In the example I had provided is the simplest case I can think of that is germane to experimental psychologists. We ask 25 people to perform 50 trials in each of 2 conditions, and ask what is the effect size of the condition effect. Think Stroop if you need a context.

The answer, by the way, is \(+\infty\). I'll get to it.

### The good news about effect sizes

Effect sizes have revolutionized how we compare and understand experimental results. Nobody knows whether a 3% change in error rate is big or small or comparable across experiments; everybody knows what an effect size of .3 means. And our understanding is not associate or mnemonic, we can draw a picture like the one below and talk about overlap and difference. It is this common meaning and portability that licenses a modern emphasis on estimation. Sorry estimators, I think you are stuck with standardized effect sizes.

Below is a graph from Many Labs 3 that makes the point. Here, the studies have vastly different designs and dependent measures. Yet, they can all be characterized in unison with effect size.

### The bad news about effect size

Even for the simplest experiment above, there is a lot of confusion. Jake Westfall provides 5 different possibilities and claims that perhaps 4 of these 5 are reasonable at least under certain circumstances. The following comments were provided on Twitter and Facebook: Daniel Lakens makes recommendations as to which one we shall consider the preferred effect size measure. Tal Yarkoni and Uli Shimmack wonder about the appropriateness of effect size in within subject designs and prefer unstandarized effects (see Jan Vanhove's blog). Rickard Carlson prefers effect sizes in physical units where possible, say in milliseconds in my Effect Size Puzzler. Sanjay Srinivasta needs the goals and contexts first before weighing in. If I got this wrong, please let me know.From an experimental perspective, The Effect Size Puzzler is as simple as it gets. Surely we can do better than to abandon the concept of standardized effect sizes or to be mired in arbitrary choices.

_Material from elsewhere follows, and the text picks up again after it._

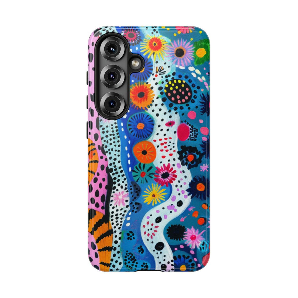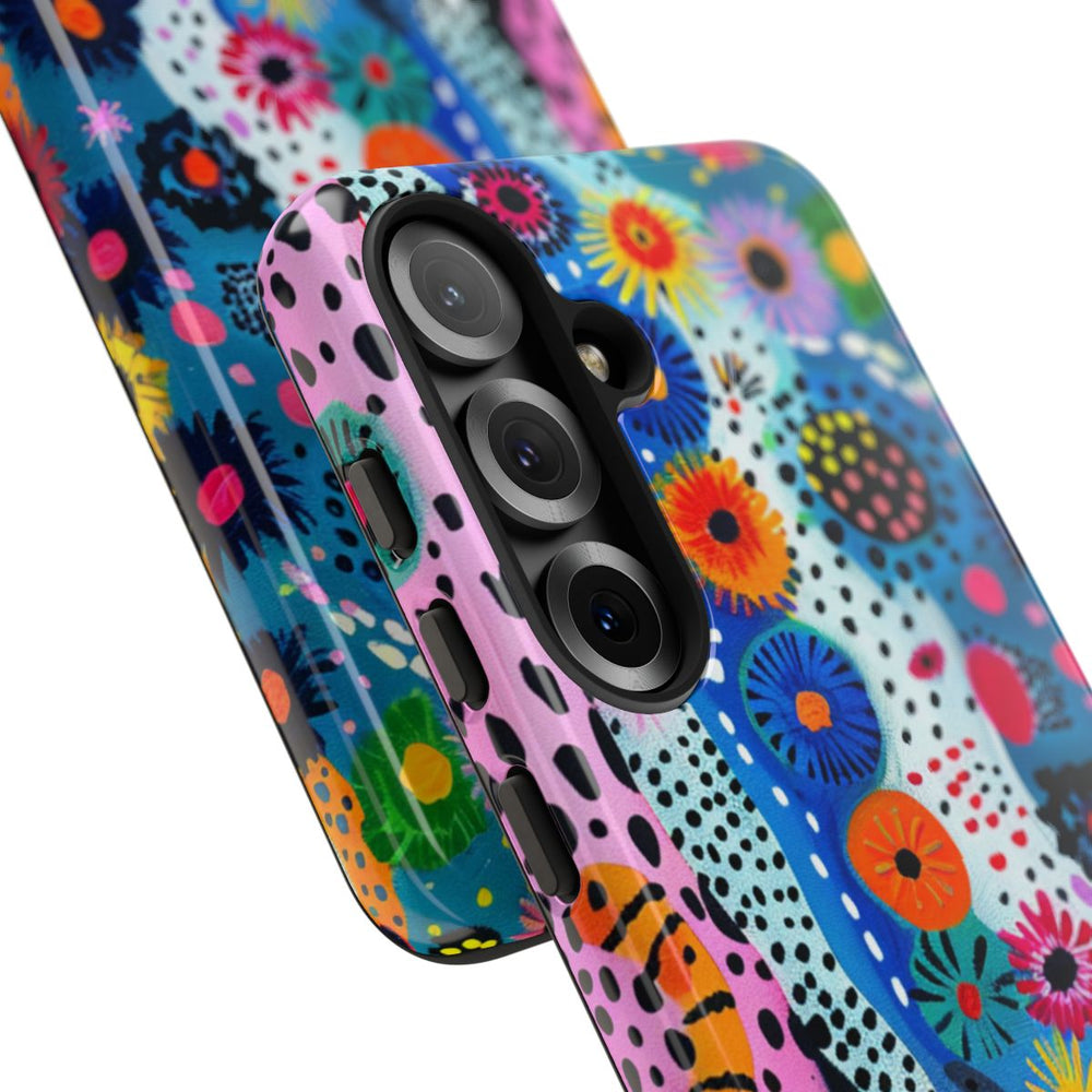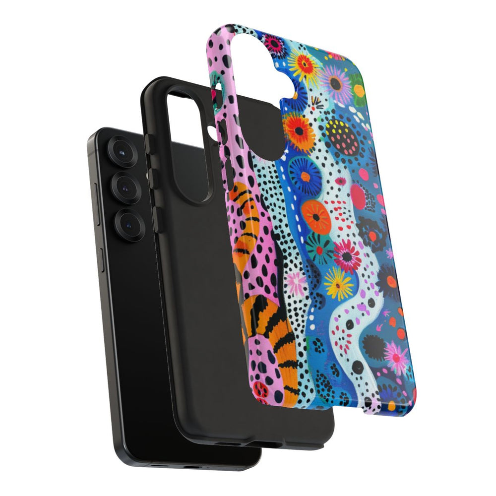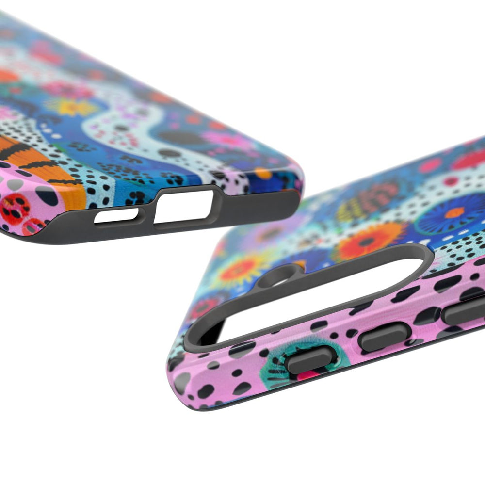 Dit telefoonhoesje heeft een opvallend en levendig abstract patroon met een mix van kleurrijke bloemen en organische vormen. Heldere tinten oranje, roze, blauw, geel en groen zorgen voor een energieke uitstraling. Zwarte stippen en strepen geven het ontwerp extra contrast en textuur. Het patroon bevat een speels element dat doet denken aan een gestreepte dierenstaart. De afbeelding is gedrukt op een glanzend, stevig hoesje van polycarbonaat en TPU, dat bestaat uit twee beschermende lagen en geschikt is voor draadloos opladen.

### Modeling: the only way out

Psychologists often think of statistics as procedures, which, in my view, is the most direct path to statistical malpractice. Instead, statistical reasoning follows from statistical models. And if we had a few guidelines and a model, then standardized effect sizes are well defined and useful. Showing off the power of model thinking rather than procedure thinking is why I came up with the puzzler.### Effect-size guidelines

*#1: Effect size is how large the true condition effect is relative to the true amount of variability in this effect across the population.*

*#2: Measures of true effect and true amount of variability are only defined in statistical models. They don't really exist accept within the context of a model. The model is important. It needs to be stated.*

*#3: The true effect size should not be tied to the number of participants nor the number of trials per participant. True effect sizes characterize a state of nature independent of our design.*### The Puzzler Model

I generated the data to be realistic. They had the right amount of skew and offset, and the tails fell like real RTs do. Here is a graph of the generating model for the fastest and slowest individuals:

All data had a lower shift of .3s (see green arrow), because we typically trim these out as being too fast for a choice RT task. The scale was influenced by both an overall participant effect and a condition effect, and the influence was multiplicative. So faster participants had smaller effects; slower participants had bigger effects. This pattern too is typical of RT data. The best way to describe these data is in terms of percent-scale change. The effect was to change the scale by 10.5%, and this amount was held constant across all people. And because it was held constant, that is, there was no variability in the effect, the standardized effect size in this case is infinitely large.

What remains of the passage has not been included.